QuickSight integrates automatically with AWS data services, enables organizations to scale to hundreds of thousands of users, and delivers fast and responsive query performance to them. You can easily connect QuickSight to AWS data services, including Amazon Redshift, Amazon RDS, Amazon Aurora, Amazon S3, and Amazon Athena. You can also upload CSV, TSV, and spreadsheet files or connect to third-party data sources such as Salesforce.
Amazon Redshift
Amazon Redshift delivers fast query performance by using columnar storage technology to improve I/O efficiency and parallelizing queries across multiple nodes. Amazon Redshift is typically priced at 1/10th of the price of the competition. We have many customers running petabyte scale data analytics on AWS using Amazon Redshift.
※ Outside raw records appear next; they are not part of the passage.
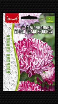 Это великолепный сорт с пышными соцветиями, напоминающими пушистые помпоны. Лепестки окрашены в насыщенный карминно-красный цвет с белыми полосками, что создаёт эффект седины. Кусты компактные, высотой до 60 см, с прочными стеблями и густой листвой. Полусферические соцветия достигают диаметра 8-10 см и состоят из широких язычковых цветков, которые образуют пышную шапку, прикрывающую трубчатые цветки. Цветение начинается в августе и продолжается до октября. Эта астра станет ярким акцентом в вашем саду и прекрасно подойдёт для создания букетов.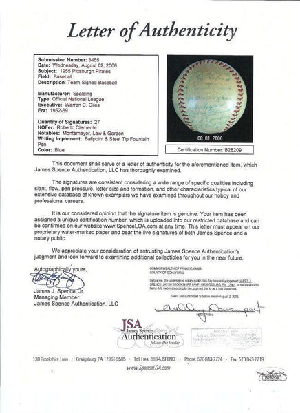 Featured is a Featured is a 1955 Pittsburgh Pirates team signed official National League baseball. Most notable on this ball are: Roberto Clemente (Rookie), Dick Groat, Bob Friend, Elroy Face, Felipe Montemayor, Vern Law, Sid Gordon, Frank Thomas, Dale Long, Bob Purkey, Jerry Lynch, Nelson King, Dick Smith, Dick Littlefield, Jack Shepard, Roman Mejias, Toby Atwell, Hardy Peterson, Al Grunwald, George Freese, Gene Freese, Dick Cole, and Tom Saffell. This ball comes with the JSA hologram and letter of authenticity. This ball would make a great addition to any sports memorabilia collection!. SPECIFICATIONS Autographed By: Team: Sport: Baseball Authentication: James Spence Authentication (JSA)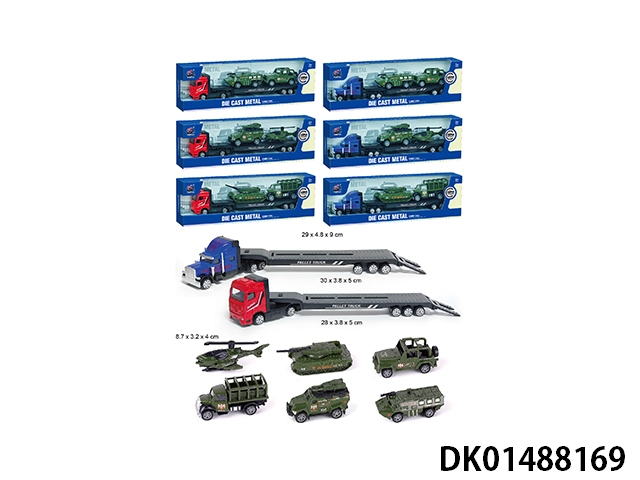 1:64合金拖头组合(两款滑行拖车)(六款军事回力合金小车)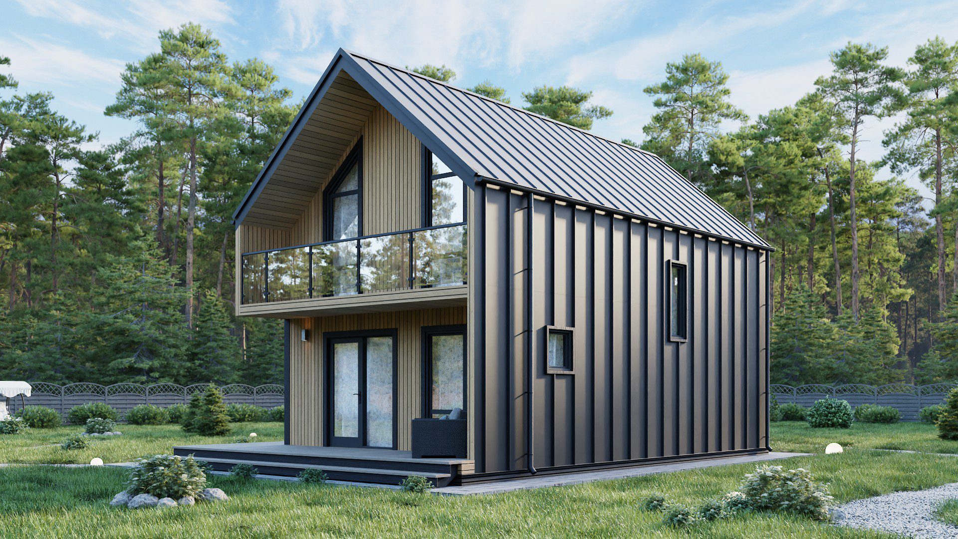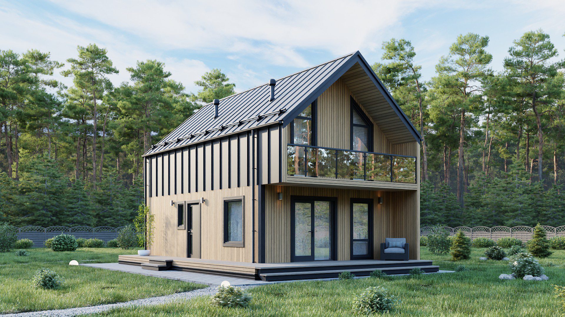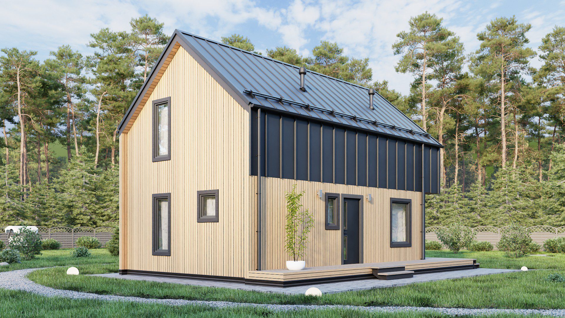 Двухэтажный каркасный дом, выполненный в стиле Барнхаус, представляет собой гармоничное сочетание лаконичного дизайна и современных удобств. Его архитектурный вид, вполне достойный журнальной обложки, приковывает взгляд своей умеренностью в линиях, асимметричными формами, крупными окнами, заливающими светом передний фасад, и уютной верандой под крышей, манящей к отдыху на свежем воздухе. Этот проект, общей площадью 108 м², – это не только визуально привлекательное строение, но и функциональное жилое пространство, разработанное для комфортного проживания семьи, состоящей из 3-5 человек.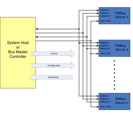 系統(tǒng)主機可以是安裝于印刷電路板(PCB)上作為電源管理總線裝置的實體裝置,如現(xiàn)場可編程門陣列(FPGA),微處理器或通用的微控制器,也可以是處于系統(tǒng)外部的控制實體,如自動檢驗設備,甚至可以是臺式電腦中的控制軟件。能夠用于系統(tǒng)管理總線通信的任何物體均可用作電源管理總線系統(tǒng)的界面。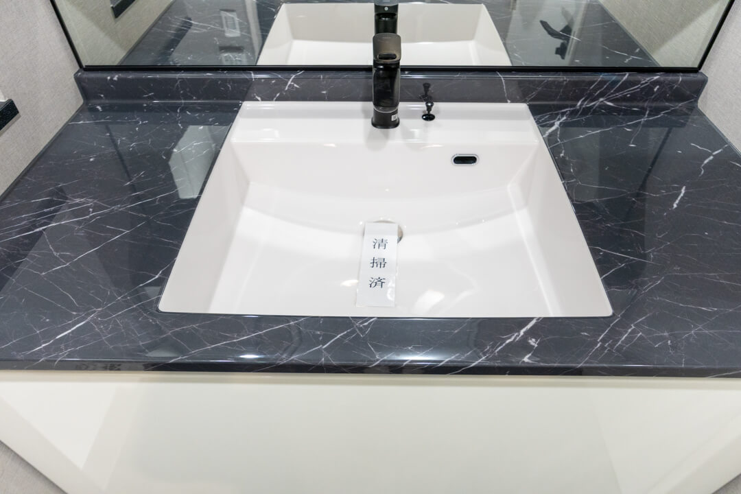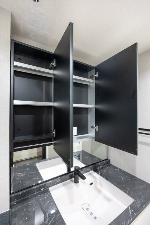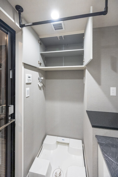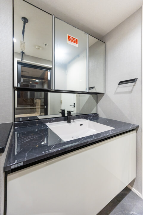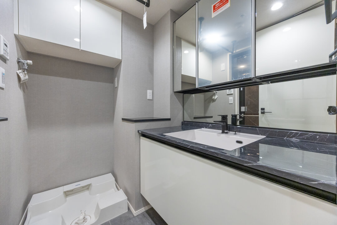 天然石調のカウンターでホテルライクな上質な雰囲気が漂う洗面化粧台。洗面まわりの小物がすっきり整頓できるミラーボックスや、モノの出し入れがしやすい引き出し式のキャビネットで使い勝手の良さもポイントです。洗濯機置き場の天井部分には室内干しにベンチな物干し金物も備わっています。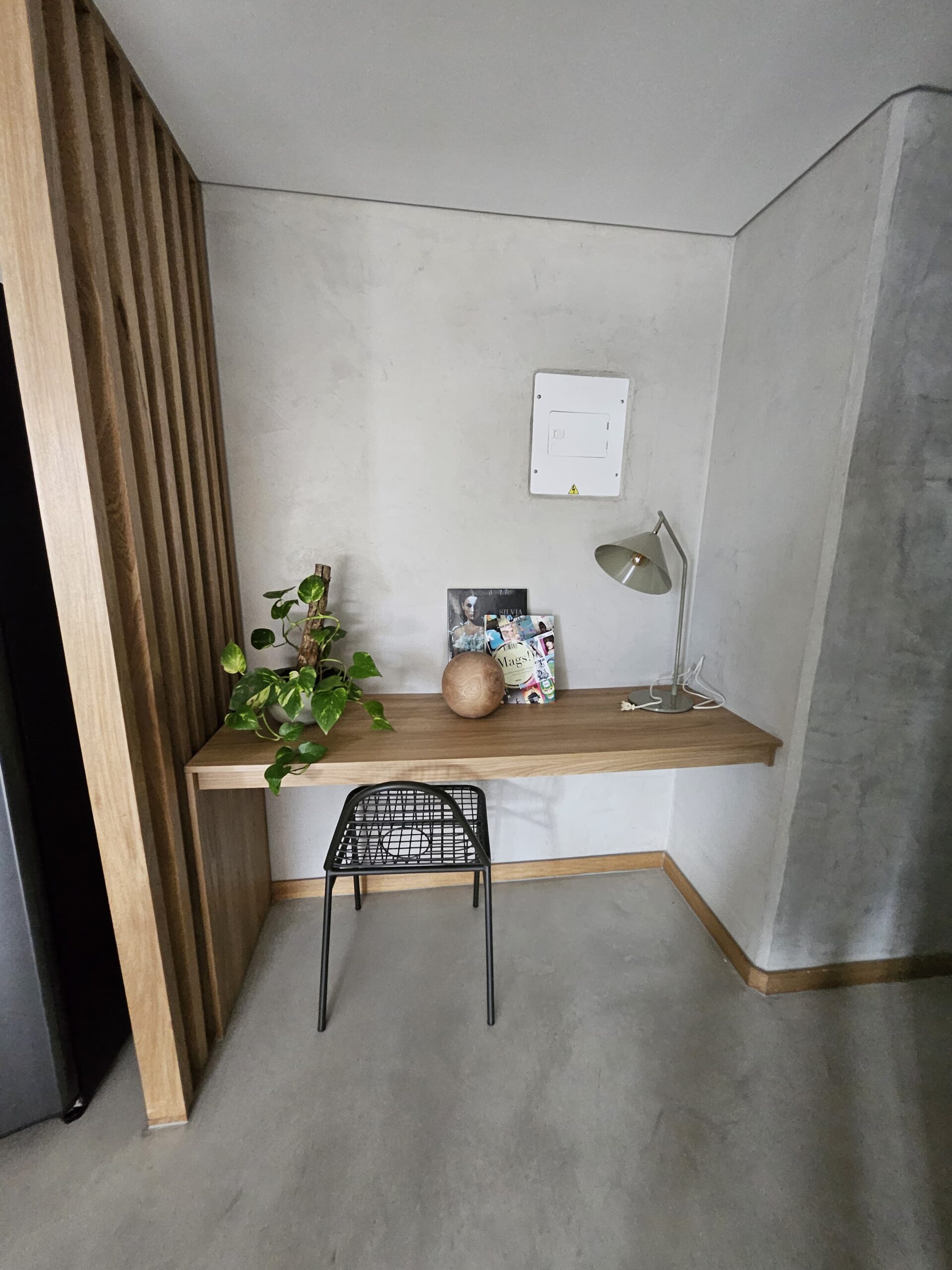 - Zona de trabajo, ventilación natural y persianas black‑out

Amazon Redshift is also ANSI SQL compliant, supports JDBC/ODBC, and is easy to connect to your existing business intelligence (BI) solution. However, if your storage requirement is in the 10s of TB range and requires high levels of concurrency across small queries, you may want to consider Amazon Aurora as the target converged database.
Walkthrough
Assume that you have an events company specializing on sports, and have built a MySQL database that holds data for the players and the sporting events. Customers and ticket information is stored in another database; in this case, assume it is PostgresSQL and this gets updated when customer purchases tickets from our website and mobile apps. You can download a sample dataset from the aws-database-migration-samples GitHub repo.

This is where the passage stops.